Setelah Anda membuat rencana atau plan dari setiap aktifitas. Maka Anda wajib mensistemasi cara mendatangkan prospek. Kebanyakan orang sales lebih suka mengandalkan repeat order daripada mencari pelanggan baru. Jika yang saya andalkan adalah semua customer-lama, akhirnya, suatu hari customer lama pasti akan habis. Betul?

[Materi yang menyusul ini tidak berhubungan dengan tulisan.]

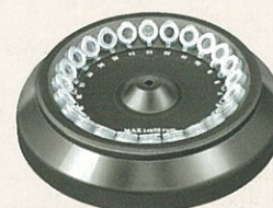
マイクロチューブロータ F-24G 1.5(2)ml×24本 (12,000rpm 13,860×g)
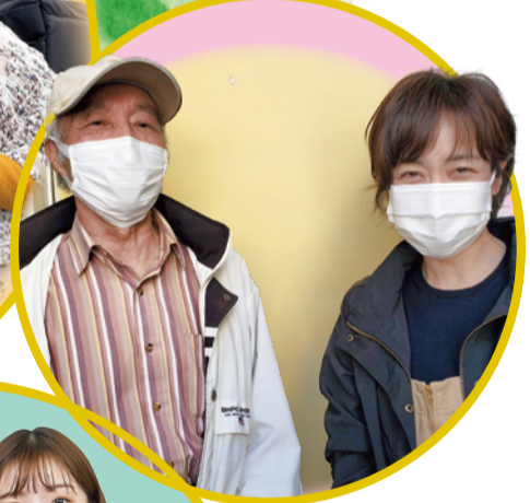
● コロナワクチン 接種サポート 同行ボランティア(右)
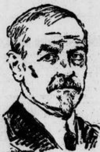
Nordenskiöld. Der bekannte schwedische Geograph Prof. Otto Nordenskiöld, der als Leiter verschiedener Expeditionen nach beiden Polen hervorgetreten ist, ist am 2. Juni in Göttingen an den Folgen eines Automobilunfalls gestorben.
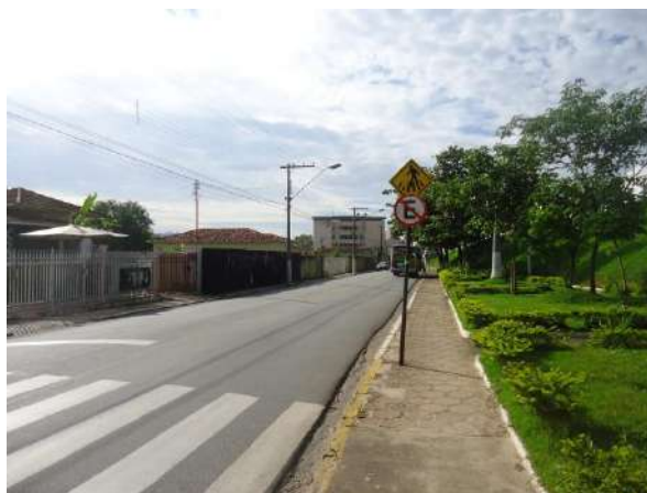
Pará de Minas Gruta de Nossa Senhora de Lourdes Fiação aparente em todo o entorno da Praça Francisco Valadares. (foto 29)
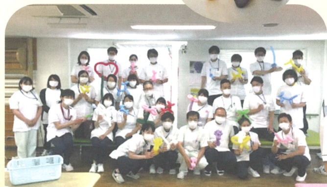
医療法人尚徳会 ヨナハ総合病院 様 ▲▶

Bisa dikatakan 30% dari customer lama akan pindah rumah, mungkin juga ada yang sudah tidak berbisnis lagi, bangkrut, pindah kota, dst. Tetapi kalau Anda setiap tahun bahkan bulan menambahkan jumlah customer-customer baru, maka Anda akan terus menerus mengisi customer yang hilang.

Banyak perusahaan yang mengatakan begini, “Coach, saya tahun lalu bagus dan tahun ini jelek!” Pertanyaan saya adalah, “Berapa banyak customer hilang dan berapa banyak customer baru yang Anda dapatkan?”

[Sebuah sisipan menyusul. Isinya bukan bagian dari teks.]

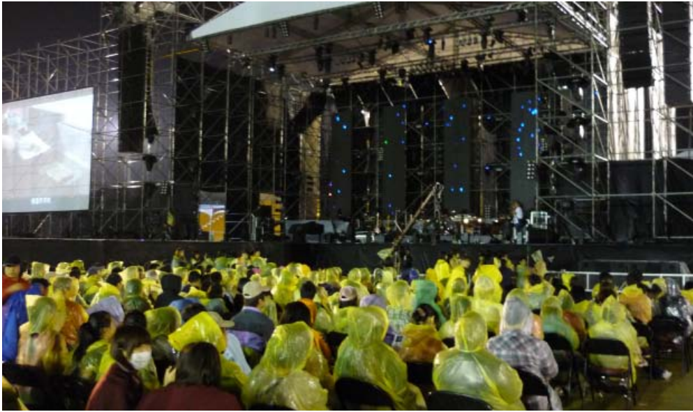
▲會場高朋滿座，即使下雨仍然魅力不減

活動當天雖然氣候不佳，但依然有不少民眾前去捧場，每個人穿著主辦單位提供的輕便雨衣，坐在雨中賞樂，別有一番風味。第一個開場的偶像團體棒棒糖男孩Lollipop F以勁歌熱舞帶動全場氣氛；接

Kalau misalnya banyak customer hilang, berarti tidak banyak customer baru. Kalau banyak customer baru, harusnya penjualan Anda meningkat. Jadi, strategi yang ke lima adalah pastikan Anda memuat sistem untuk mendatangkan prospek.

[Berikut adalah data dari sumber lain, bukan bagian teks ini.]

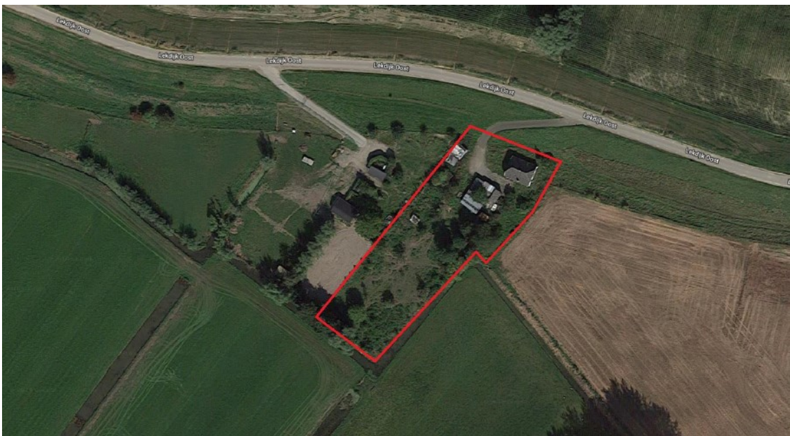
Figuur 1: Het plangebied (rood omlijnd) aan de Lekdijk Oost 38 te Zoelmond

Apa contoh sistem untuk mendatangkan prospek?

Contohnya adalah apakah Anda mempunyai telemarketing yang mencari prospek-prospek baru, atau apakah Anda punya canvasser; orang yang jalan dan keliling setiap hari untuk mendapatkan customer-customer baru, atau mungkin Anda mennggunakan media sosial, internet marketing, iklan, dsb. Itu yang Anda gunakan untuk mendatangkan prospek-prospek baru.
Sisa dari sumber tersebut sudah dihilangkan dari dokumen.